Ryan: No Guarantee Immigration Compromise Will Pass

Bill is still best shot at getting something into law, speaker says

Speaker Paul D. Ryan, R-Wis., won’t guarantee Republicans’ compromise immigration bill will pass the House. (Photo By Bill Clark/CQ Roll Call)

There is no guarantee that a compromise immigration bill House Republicans are finalizing for floor consideration next week will pass, Speaker Paul D. Ryan acknowledged Thursday.

“I’m not going to predict what the whip’s going to be,” he said when asked whether he’d bring the bill to the floor if the whip count comes up short or continue working to get more votes for it.

“We won’t guarantee passage,” Ryan added. “We don’t know the answer.”

The compromise bill is designed to pass, as opposed to a conservative measure from House Judiciary Chairman Robert Goodlatte the House is also planning to vote on that is expected to fail. But some GOP members have concerns about proposals they’ve heard will be in the bill, which is still being finalized and drafted into legislative text.

“I do hope this passes,” Ryan said of the compromise measure. “I think this is a very good bill. I think this is a very good compromise.”

The bill is expected to create a visa for young undocumented immigrants brought to the United States as children,  known as Dreamers, as well as other young immigrants who are here legally but on more temporary permits. The new visa, which would provide a path to legal status and eventually citizenship, won’t add to overall number of visas because the bill would cut diversity and family-based visas.

It is expected to authorize the full $25 billion President Donald Trump has requested to build a wall along the Southern border. 

“Everything we’ve heard has been very negative,” House Minority Leader Nancy Pelosi said when asked whether Democrats might support it. 

The California Democrat said it’s not clear the bill will even have enough Republican votes to pass.

The bill is expected to include a provision to allow children to be kept with their parents when detained at the border. Ryan said he’s not comfortable with the Trump administration policy of separating children from their parents, which he blamed on a court ruling that he said should be fixed with legislation. 

Watch: Ryan Says Policy Separating Families at Border Will 'Require Legislative Change'

Pelosi, however, said the Trump administration could and should lift the policy. The attorney general can change the policy “just like that,” she said as she snapped her fingers.

“This was an act of the administration,” Pelosi said. “They had been planning this for a while. ... This is barbaric. This is not what America is, but this is the policy of the Trump administration.”

“I don’t see any prospect for legislation here,” she added.

Pelosi said the inclusion of a legislative fix for the separation policy in Republicans' immigration legislation won't provide Democrats a reason to support it.

“They’re certainly [not] going to use mothers nursing their babies as a draw,” she said.

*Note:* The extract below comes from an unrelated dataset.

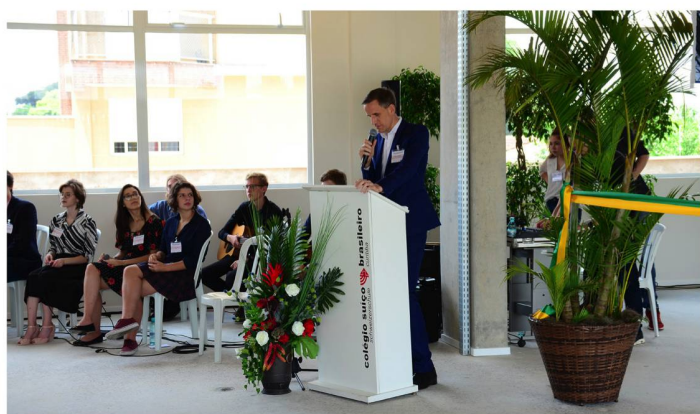
Cerimônia de abertura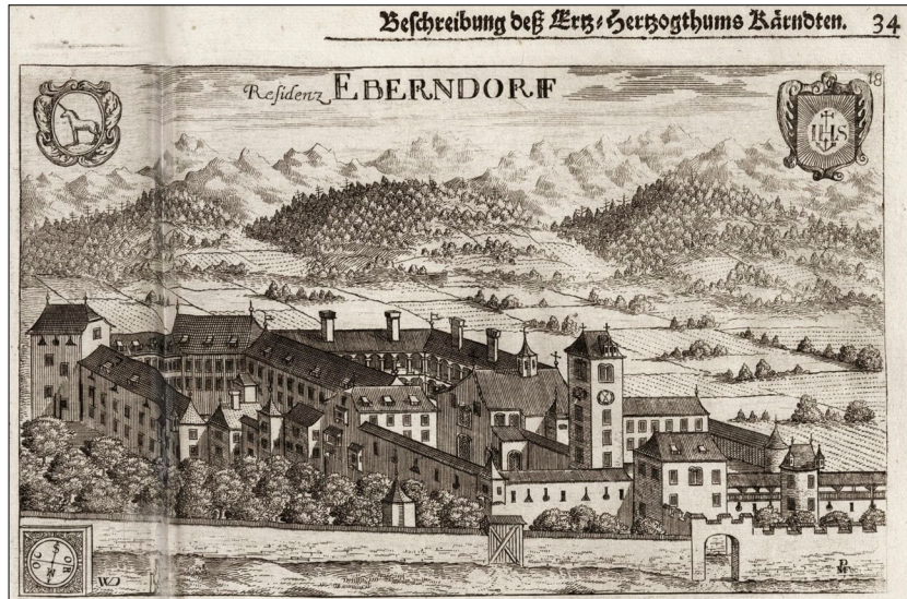
3. Dobrla vas/Eberndorf, samostanski kompleks s cerkvijo Marije Vnebovzete

Ryan said he believes the bill has a chance of becoming law, as opposed to legislation that would have been produced under the “queen of the hill” rule that moderate Republicans were trying to discharge to the floor. That process would have triggered votes on four immigration bills, with the one getting the most votes above a majority prevailing. Legislation that would’ve emerged under such a scenario would have likely been supported primarily by Democrats a few dozen moderate Republicans.

“The last thing we want to do is have some kind of exercise in futility,” Ryan said of the discharge petition.

A vote on the Goodlatte bill will kill the discharge petition since that’s the vehicle the queen of the hill rule was attached to for the purposes of discharging it.